[R-sig-ME] Heteroscedasticity, lme4 and nlme

Wed Jun 12 21:54:36 CEST 2013

Jennifer Bufford <jbufford at ...> writes:

>

[snip]

> I am working on my dissertation and using mixed models for quite a bit of
> my analysis. Here are some details about my experiment and data:

> I grew seedlings of 21 species in two sites, 10 blocks per site, and 2
> plots per block either with or without competition ("Weeds").  I am also
> including phylogenetic family (3 families) and invasiveness (3
> categories).  I have site and family as fixed effects because I understand
> there aren't enough categories to reliably estimate them as random
> effects.  I have several potential continuous covariates as well.  My model
> includes all possible two-way interactions, fixed and random, and I am
> reducing the model using the likelihood ratio test.  My goal in reducing
> the model is to improve clarity and avoid over-fitting.  I have both
> continuous (transformed) and binomial response variables.
> 
> Here's a full (unreduced) model without covariates:
> RGR.simple <- lmer(RGR ~ Inv + Weeds + Site + Fam + Inv:Weeds + Inv:Site +
> Weeds:Site + Weeds:Fam + Site:Fam + (1|Blk) + (1|Plot) + (1|Sp) + (0 +
> Site|Sp) + (0+Weeds|Sp), fdatRGR, family="gaussian")

  You don't need family="gaussian" here, and you might be able to
write the fixed-effect part of your formula more compactly as

RGR ~ (Inv + Weeds + Site + Fam)^2 + ... 

 I assume that the plots are uniquely labeled.

> My data are extremely unbalanced. I have heteroscedasticity in the
> residuals of my full and reduced models, as seen both by plotting and using
> leveneTest (package car).

  That's unfortunate.  I know your data are already growth relative
to size, but does log-transforming your data help?

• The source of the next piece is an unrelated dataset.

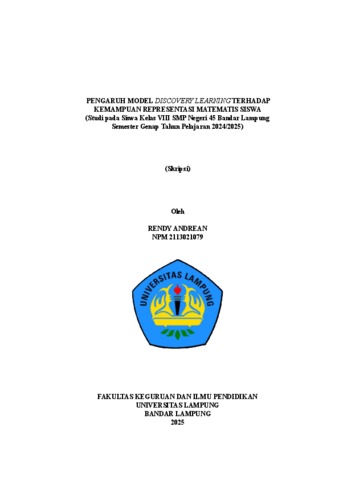 RENDY , ANDREAN (2025) PENGARUH MODEL DISCOVERY LEARNING TERHADAP KEMAMPUAN REPRESENTASI MATEMATIS SISWA (Studi pada Siswa Kelas VIII SMP Negeri 45 Bandar Lampung Semester Genap Tahun Pelajaran 2024/2025). FAKULTAS KEGURUAN DAN ILMU PENDIDIKAN, UNIVERSITAS LAMPUNG.

> I have several questions, which center largely around the issue of
> heteroscedasticity:
> 
> I have both crossed random effects and serious heteroscedasticity.  I'd
> like to implement a non-homogeneous variance structure, but as far as I can
> tell, that can only be done in lme (from nlme), not in lmer (from lme4).
> Is that right?  I have heard that there are some work-arounds to get
> crossed random effects in lme.  

  Yes, see pp 163ff of Pinheiro and Bates 2000 (this is referenced
in http://glmm.wikidot.com/faq)

> Would that be the best solution in this
> situation?  If I specified an alternate variance structure by species,
> should residuals by species be homogenous (ie non-significant Levene's
> Test) or not?

  I don't think they would need to be

> I've also gotten a bit confused about random interactions.  lme4 allows
> much more complex random effects - would that in some way help account for
> heteroscedasticity?  If so, it hasn't worked for my data, but I want to
> understand what the random effects are doing.  In other words, what is the
> difference between specifying a variance structure (e.g. varIDent(form =
> ~1|Species) and including vector-valued random effects (e.g.
> (Competition|Species))?  My model statistics (ie LRT and AIC) tell me that
> many of the models are better with these complex random effects, but that
> also restricts my movement from lme4 to nlme.

  varIdent(form=~1|Species) says that the residual variance differs
among species.

  (Competition|Species) says that the effect of competition varies
among species.

> There is a weights function in lmer, but I know it is not the same as the
> weights function in lme.  If I use the weights term in lmer to specify
> weighting by the scaled reciprocal of species variance, that would give
> species with smaller variances a greater "say" in the model - is that
> right?  Weighting this way does fix my heteroscedasticity problems, but I'm
> not sure if it is a valid approach.

  I'm not sure if this works: also, there's likely to be some
correlation between the different parts of the variance structure
(e.g. between estimates of differences in residual variances among species
and estimates of the random-effects variances)

  Everything you've said so far seems reasonable, but I'm still a bit
worried that you're working with too complex a model.  Can you think
of plausible ways to simplify that you would be comfortable with?

  Another option, if you really want to do complex variance models
like this, is to build your own in WinBUGS/AD Model Builder -- then
you really know exactly what's going on.

   If you can, it would be worth simulating some data that are
as complex as the models you're trying to fit, and see if you can
get reasonable answers ...